For step S31, performing abnormal feature extraction on each historical environmental data to obtain an abnormal feature sample value corresponding to the historical environmental data; and calibrating each historical environment data to obtain an abnormal classification calibration value corresponding to the historical environment data.

The abnormal feature sample value comprises the name and the sample value of the abnormal feature. The abnormal classification calibration value comprises an abnormal class name and a calibration result.

It will be appreciated that there may be multiple anomaly classification calibrations, such as when the anomaly categories for the environmental data include: when the device fault class, the data abnormal class and the data standard exceeding class are three, the number of the abnormal classification calibration values is three, and the abnormal classification calibration values are respectively the device fault class calibration value, the data abnormal class calibration value and the data standard exceeding class calibration value, which is not specifically limited in this example.

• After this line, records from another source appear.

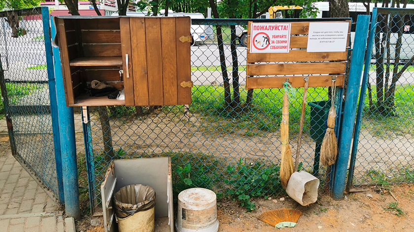 Площадка оснащена специальным входом-тамбуром с двойными воротами, которые предотвращают случайный выход собак с огражденной территории.А на выходе стоит дог-бокс (урна для уборки за собаками) и контейнер для раздельного сбора мусора.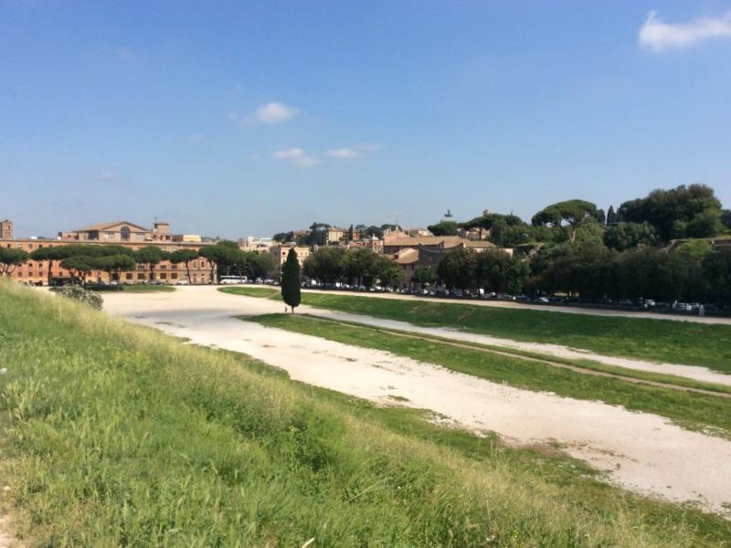 "This is what is left of Circus Maximus showing the track on either side that chariots, amongst other things, raced around.The last race in the Circus Maximus was held in 549 AD, almost a 1000 years after the first races. The origins of the Circus Maximus go back to the sixth century BC when Tarquinius Priscus (fifth king of Rome) created a track between the Palatine and Aventine hills.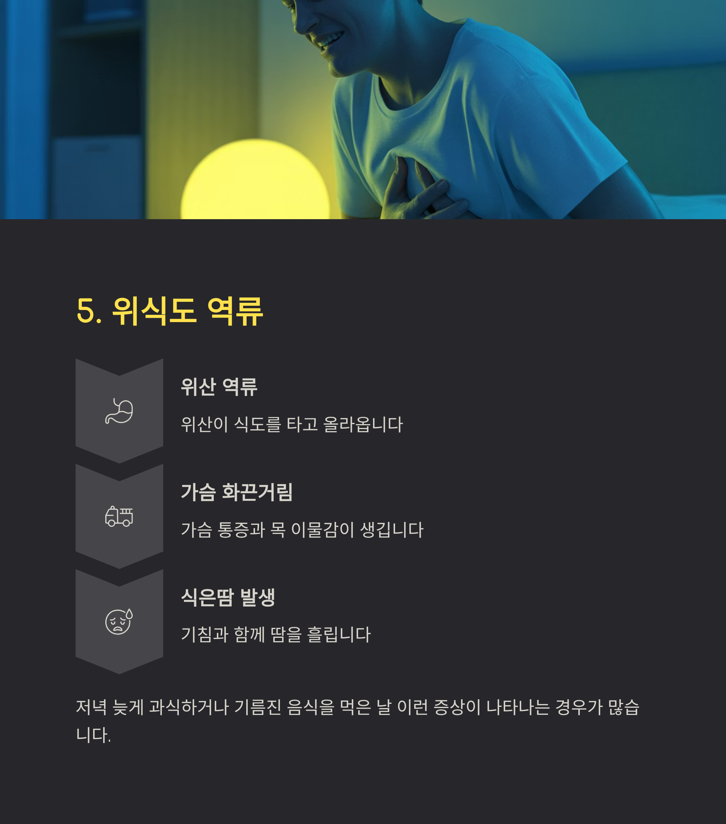 5. 위식도 역류(역류성 식도염) 증상일 수도 있습니다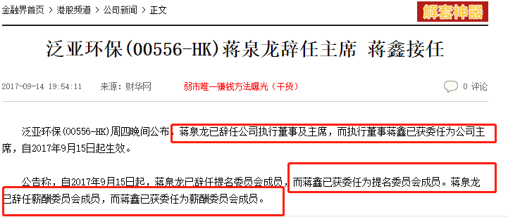 网上搜素发现流传一篇2017年的旧文,描述了蒋泉龙的一些经历:1952年出生,1972年左右开始在宜兴当地一家耐火材料厂任职。至1982年,蒋已经在耐火方面积累相当经验。1984年,蒋带着积累“第一桶金”--3000元人民币资本金--杀回宜兴,创办了戴红帽子的集体企业“宜兴镁质耐火材料厂”。 蒋泉龙在1987年转入稀土行业,成立新威分离厂;1988年又成立宜兴稀土冶炼厂。 进入了90年代以后,蒋泉龙的事业越做越大,他又先后成立了几家公司。1994年,新威集团公司成立,此时蒋泉龙据说身家达到1.3亿。1999年,蒋泉龙的宜兴新威(后更名“中国稀土”)在香港主板上市,蒋泉龙也开启了中国内地民营公司赴港上市的开端。 利用在香港的融资,他在国内购买了许多稀土矿产。之后国际稀土价格大涨,蒋泉龙的公司市值一路上涨,在2001年的时候他已经身家达到了11.4亿元,排名全中国的39位。 之后几年蒋泉龙的中国稀土发展都不错,2004年到2007年连续4年,公司的利润都超过了1亿,2007年甚至达到了2.99亿元。

The CART algorithm is a classification regression tree algorithm and is a binary recursive segmentation technology, a current sample is divided into two subsamples, each generated non-leaf node has two branches, and therefore a decision tree generated by the CART algorithm is a binary tree with a concise structure.

For step S32, the method specifically includes: and performing recursive division by adopting a CART algorithm according to all the environmental data training samples to establish a CART decision tree. That is, the CART decision tree is a binary tree with a compact structure.

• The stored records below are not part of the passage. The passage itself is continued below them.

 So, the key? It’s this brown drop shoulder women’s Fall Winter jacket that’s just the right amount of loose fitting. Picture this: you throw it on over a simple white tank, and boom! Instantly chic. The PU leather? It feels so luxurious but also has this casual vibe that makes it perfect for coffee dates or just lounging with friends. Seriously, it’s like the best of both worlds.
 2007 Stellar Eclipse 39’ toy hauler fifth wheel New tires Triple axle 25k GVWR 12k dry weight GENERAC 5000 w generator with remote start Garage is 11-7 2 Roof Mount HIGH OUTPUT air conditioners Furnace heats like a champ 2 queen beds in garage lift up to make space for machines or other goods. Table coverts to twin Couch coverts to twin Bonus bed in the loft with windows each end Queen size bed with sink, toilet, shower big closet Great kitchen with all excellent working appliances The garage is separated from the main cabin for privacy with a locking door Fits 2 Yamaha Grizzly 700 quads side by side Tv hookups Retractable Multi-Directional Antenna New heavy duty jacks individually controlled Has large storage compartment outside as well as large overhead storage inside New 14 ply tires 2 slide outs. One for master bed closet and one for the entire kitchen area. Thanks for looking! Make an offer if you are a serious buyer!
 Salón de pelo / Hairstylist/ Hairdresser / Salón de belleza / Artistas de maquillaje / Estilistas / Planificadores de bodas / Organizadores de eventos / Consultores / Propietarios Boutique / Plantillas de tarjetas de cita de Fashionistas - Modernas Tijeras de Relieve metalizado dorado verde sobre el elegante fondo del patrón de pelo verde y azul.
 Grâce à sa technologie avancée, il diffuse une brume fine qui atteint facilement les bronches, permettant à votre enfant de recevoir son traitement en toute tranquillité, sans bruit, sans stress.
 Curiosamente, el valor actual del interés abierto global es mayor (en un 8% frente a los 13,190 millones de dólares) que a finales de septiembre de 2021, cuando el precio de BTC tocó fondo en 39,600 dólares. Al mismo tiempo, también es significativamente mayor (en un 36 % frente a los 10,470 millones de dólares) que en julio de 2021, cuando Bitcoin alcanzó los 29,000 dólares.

For step S33, the method specifically includes: randomly pruning the CART decision tree, and taking the residual part of the CART decision tree after pruning as a sub-decision tree to be trained; and determining a constant for each sub-decision tree to be trained to obtain a target constant corresponding to the sub-decision tree to be trained.

With respect to step S34, it is understood that the verification sample set may be generated according to historical environmental data, or may be generated according to a training sample set. The environmental data training sample comprises: at least one anomaly characteristic sample value, an anomaly classification calibration value.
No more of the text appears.